6.0 for Mac OS X x86 (32-bit) (June 19, 2007)

expr = FourierTransform[Sign[y]*Sign[a*y], y, q]

(-Sqrt[2*Pi])*DiracDelta[q]*
     UnitStep[-a] - 
   (I*Sqrt[2/Pi]*UnitStep[a]*
        UnitStep[-a])/q + 
   Sqrt[2*Pi]*DiracDelta[q]*
     UnitStep[a]

Simplify[expr, a > 0]

Sqrt[2*Pi]*DiracDelta[q]

Assuming[{a > 0}, FourierTransform[Sign[y]*Sign[a*y], y, q]]

Sqrt[2*Pi]*DiracDelta[q]

Simplify[expr, a < 0]

(-Sqrt[2*Pi])*DiracDelta[q]

Assuming[{a < 0}, FourierTransform[Sign[y]*Sign[a*y], y, q]]
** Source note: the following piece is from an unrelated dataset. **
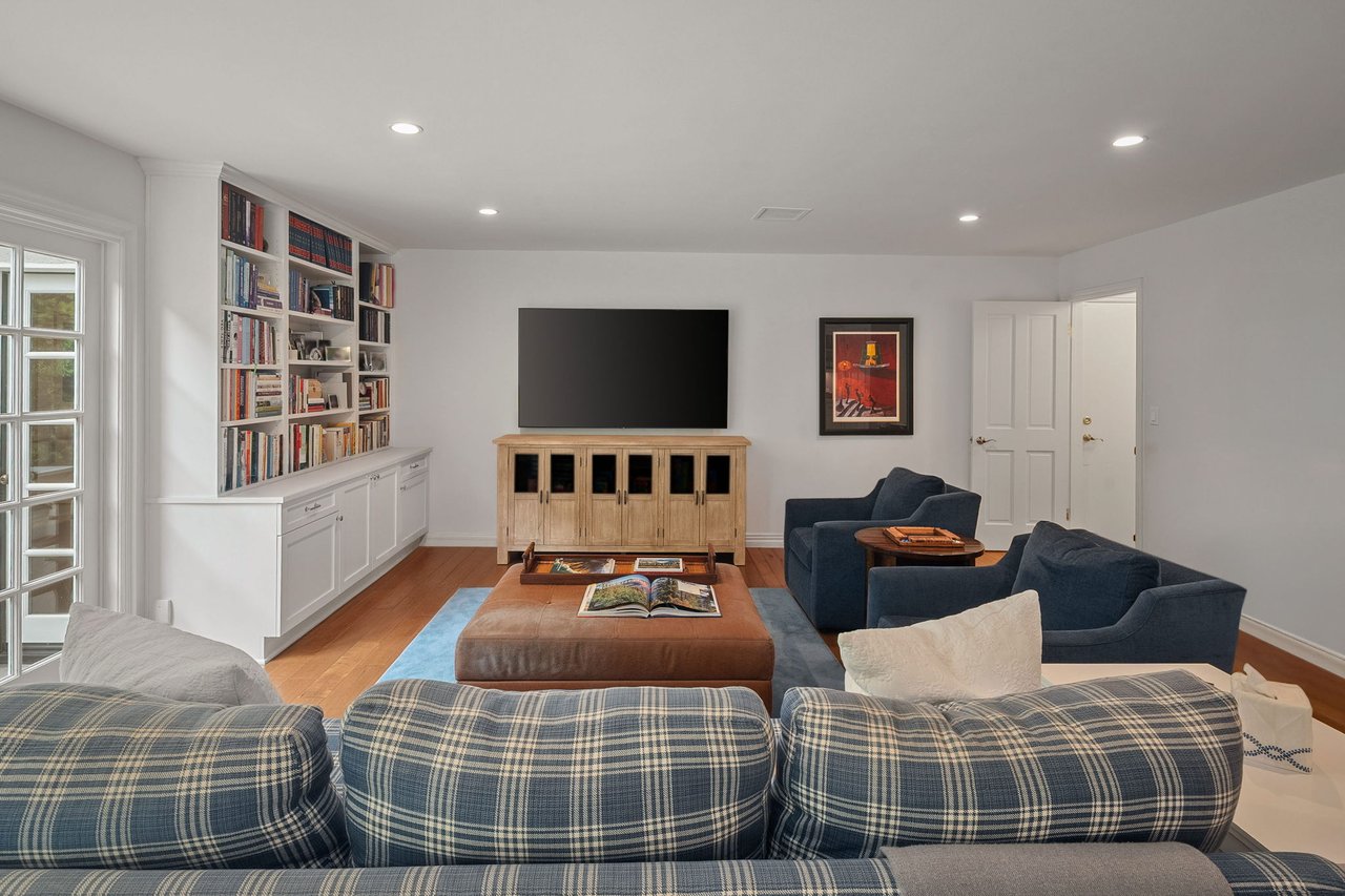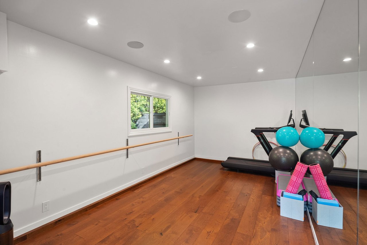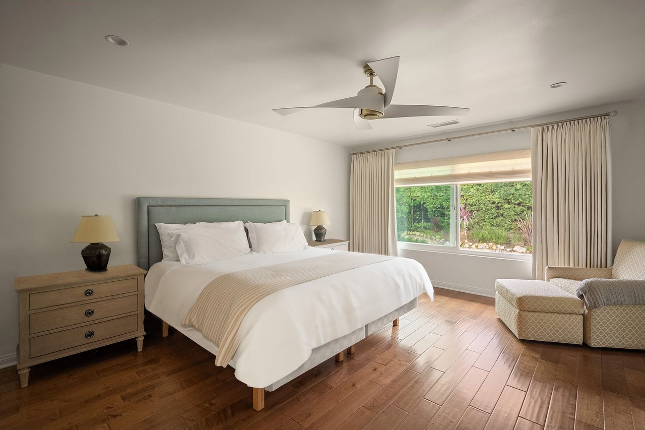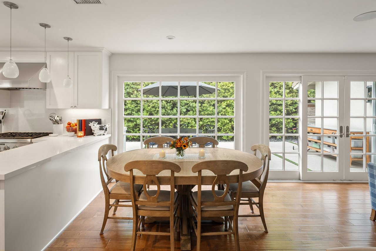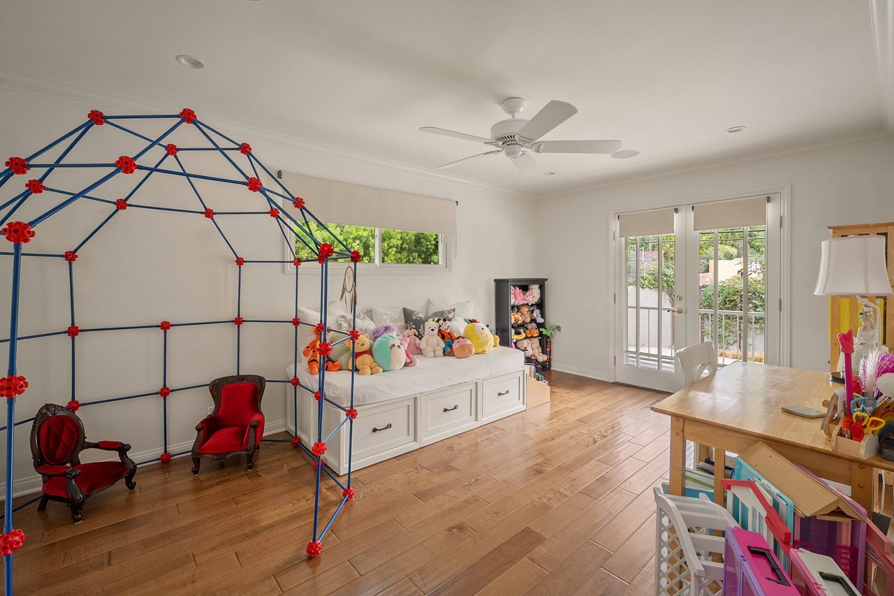 Set in an idyllic Brentwood neighborhood, this pristine traditional-style residence blends classic refinement with modern comfort. Awash with natural light, the home welcomes with soaring vaulted and beamed ceilings, warm wood floors, and an inviting sense of space and serenity. Enter through the foyer and enjoy an open sightline through the home to the beautifully landscaped backyard. The formal living room, anchored by a stone fireplace and custom built-ins, opens through sliding glass doors to the firepit patio for effortless indoor-outdoor living. The remodeled chef's kitchen features premium Thermador appliances, ample pantry storage, and a convenient passthrough window to the backyard entertaining area. A formal dining room sits adjacent to the kitchen, ideal for hosting intimate dinners or larger gatherings. Designed for relaxation and connection, the expansive family room boasts a built-in wet bar with temperature-controlled wine storage. The thoughtful floor plan offers one bedroom on the main level—ideal for a home office or guest suite—and four additional bedrooms upstairs. Retreat to the primary suite, a private sanctuary with a spacious walk-in closet and a luxurious en suite bath with dual vanities, a glass-enclosed shower with bench seating, and a sunlit soaking tub. Additional amenities include Control4 home automation, surround sound, a gym, a powder room, and a two-car garage with direct home access. Outdoors, enjoy manicured landscaping and tall privacy hedging framing an entertainer's paradise—complete with a sparkling pool with an automatic cover, built-in outdoor kitchen, cozy firepit, children's playhouse, and both covered and uncovered patio spaces for year-round enjoyment. Located just moments from Brentwood Village's charming boutiques, restaurants, and amenities, this home offers the best of Westside living in a premier Brentwood enclave.

(-Sqrt[2*Pi])*DiracDelta[q]

x1 = FullSimplify[expr, a != 0]

Sqrt[2*Pi]*DiracDelta[q]*
     UnitStep[a] - Sqrt[2*Pi]*
     DiracDelta[q]*UnitStep[-a]

x2 = Assuming[{a != 0}, FourierTransform[Sign[y]*Sign[a*y], y, q]]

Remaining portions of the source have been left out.